Tim centers on Luke 23:39–43—the two criminals crucified beside Jesus—to show that the cross is the pivotal story of human history and a personal decision point for every person.

Both criminals begin by mocking Jesus, but one is awakened to the fear of God, admits his guilt (“we are receiving the due reward of our deeds”), recognizes Jesus’ innocence, and turns to Him: “Lord, remember me when you come into your kingdom.” Jesus answers with a sure promise: “Today you will be with me in paradise.”

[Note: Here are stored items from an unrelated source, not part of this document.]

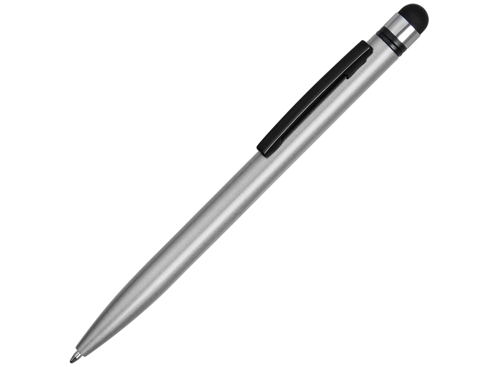 Ручка-стилус металлическая шариковая Poke, серебристый/черный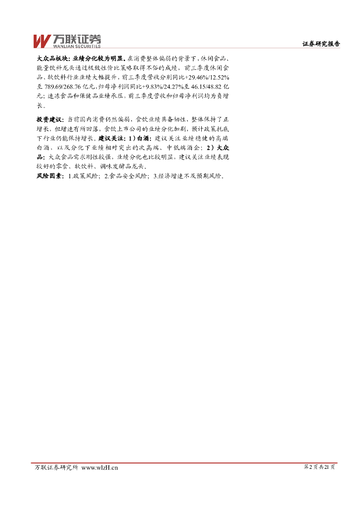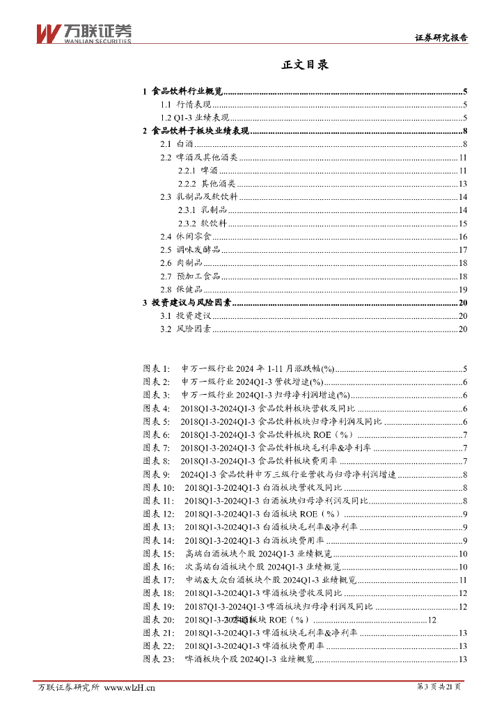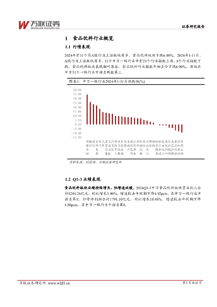 万联证券:食品饮料2024三季度业绩综述报告:业绩增速下降,白酒分化加剧.pdf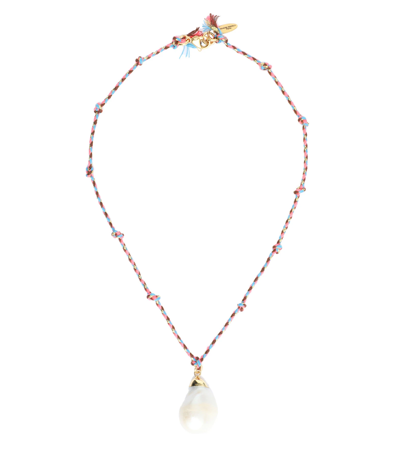 Collier cordon multicolore avec pendentif perle d’eau douce nacré. Fermoir classique à ressort.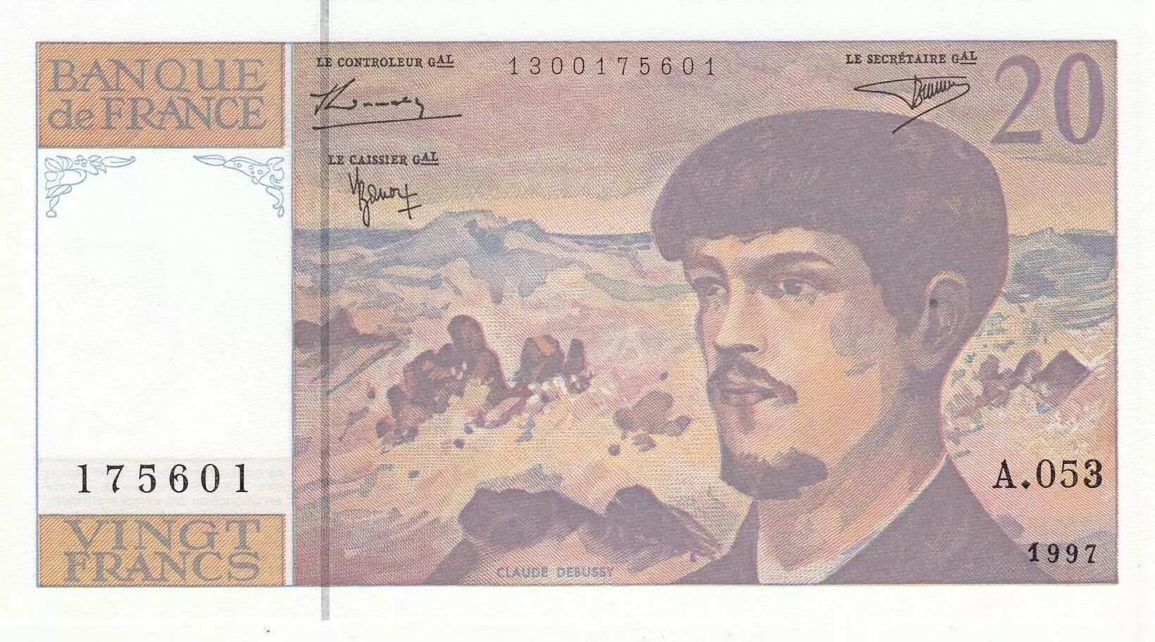 Accueil > Billets Français > Billets Banque de France > Billets 20 Francs > France 20 Francs - Debussy - 1997 - Série A.053

Tim contrasts self-justification with God’s objective standard of holiness, arguing that all fall short (Rom 3:23; Jas 2:10) and that salvation is by grace through faith, not works (Eph 2:8–9; Rom 6:23). He highlights Jesus’ sinlessness and willing suffering for our sins (1 Pet 2:21–25) and stresses that eternal life is both present and future (John 5:24; 17:3; 1 Thess 4:17).

There’s no neutrality at the cross: one man chooses Christ and receives paradise; the other refuses and is lost. The appeal: repent, believe in Jesus today (Acts 17:30; John 3:16)—“today is the day of salvation.”

Key Points

The fear of God leads to honest self-assessment and repentance (Job 42; Dan 4; Exod 34:6).

God’s standard is Himself; comparison to others can’t save us.

Jesus is sinless and suffered willingly; salvation rests on who He is, not what we do.

Faith looks to “the Man on the middle cross,” trusting His promise.

Urgent call: there is no neutral response to Jesus—choose Him today.